Diccionario biográfico español
- Edited by: Print edition: Gonzalo Anes, Jaime Olmedo, Quintín Aldea Vaquero. Electronic edition: Carmen Iglesias
- Country: Spain
- Language: Spanish
- Discipline: History
- Publisher: Real Academia de la Historia
- OCLC: 729345746
- Website: https://dbe.rah.es/

= Diccionario biográfico español =

Diccionario biográfico español is a Spanish biographical dictionary published by the Real Academia de la Historia.

==History==
On 23 May 1735 Felipe V approved the constitution of Real Academia de la Historia. The Academy's first Director Agustín de Montiano y Luyando proposed to create a Diccionario histórico-crítico de España.
However, resources were limited and the Diccionario biográfico español did not get underway until the end of the twentieth century.

==Printed edition==
The Dictionary was edited by Gonzalo Anes (the then Director of the Academy), Jaime Olmedo, and Quintín Aldea Vaquero. It was written over ten years by 5,000 historians. It consists of 50 volumes with 45,000 pages and 40,000 biographies of notable figures in Spanish history, from the 7th century BC to the present.
The first twenty-five volumes were published in 2011 with the remaining volumes completed by 2013.

==Electronic edition==
The electronic version of the dictionary was launched formally by the King and Queen of Spain in 2018, although some material had been available online previously. Carmen Iglesias, who became director of the Real Academia de la Historia in 2014, was the historian responsible for the electronic version, which differs in some respects from the printed version which preceded it. It is intended that any errors will be corrected continuously.

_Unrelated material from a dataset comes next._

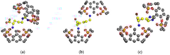 The guanidinium group of Arg was found to be statistically disordered over two equally populated positions (conformation I and II). In conformation I, the side chain of Arg interacts with all four P=O groups of Tiiii (Table 1 and Figure 2a,b), and its terminal atoms are inserted below the main plane, defined by the oxygen atoms of the P=O groups. The planar guanidinium group forms a dihedral angle of 40° with the mean plane of the four oxygen atoms of the P=O groups of Tiiii host. In conformation II, the planar guanidinium group is more perpendicular with respect to the oxygen atoms’ plane (dihedral angle of 63°), and forms only two strong H-bonds with two opposite P=O groups (Table 1 and Figure 2c,d). In this case, a NH2 group is located in the center of the cavity of the tetraphosphonate host, and it is slightly more deeply inserted in the cavity with respect to the other conformation (Table 1 and Figure 2b,d).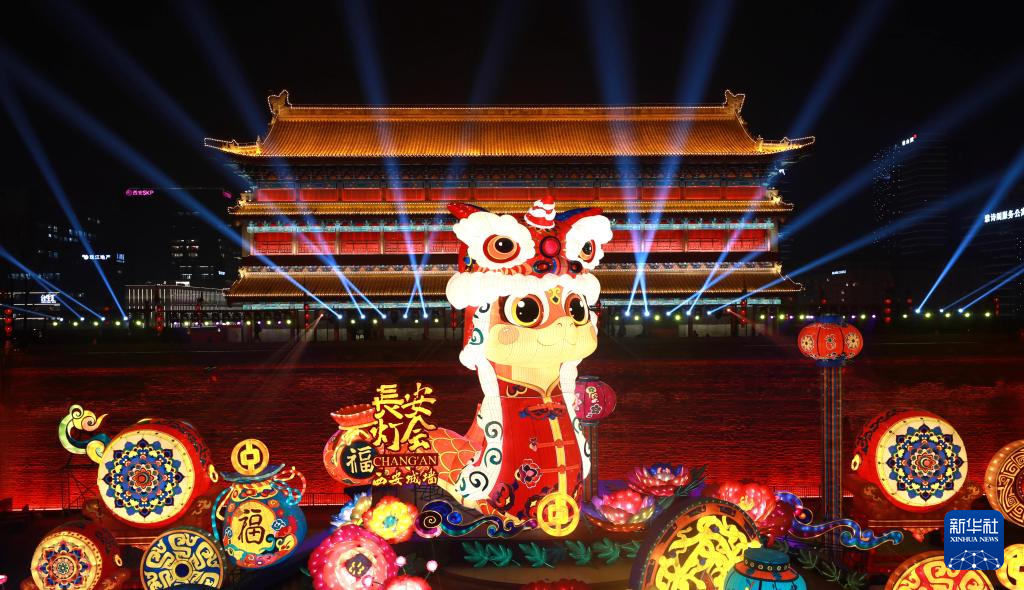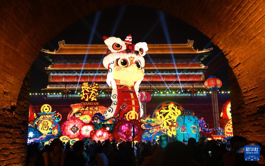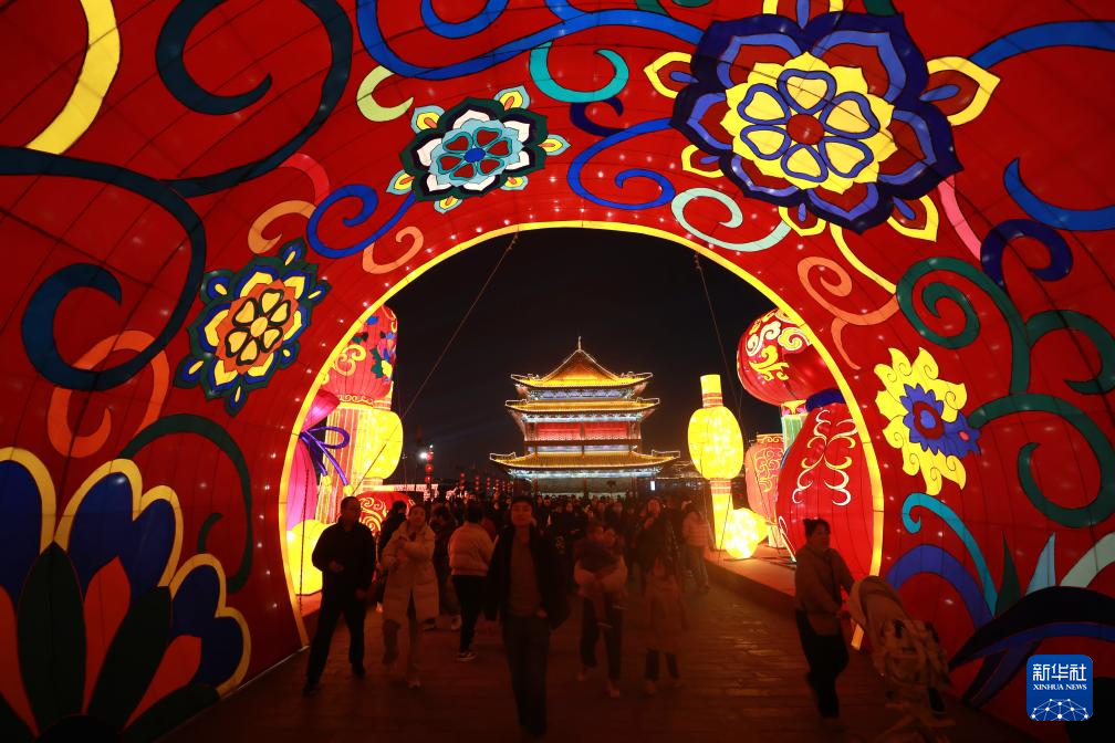 西安城墙新春灯会上彩灯璀璨(1月22日摄)。

The printed edition contains information about living persons, whereas so far the electronic edition is restricted to deceased persons. The difficulty of writing objectively about living people was one of the criticisms of the Dictionary when it appeared. Another source of controversy was the treatment of Francisco Franco, who initially was not described as a dictator. His entry was revised for the online version.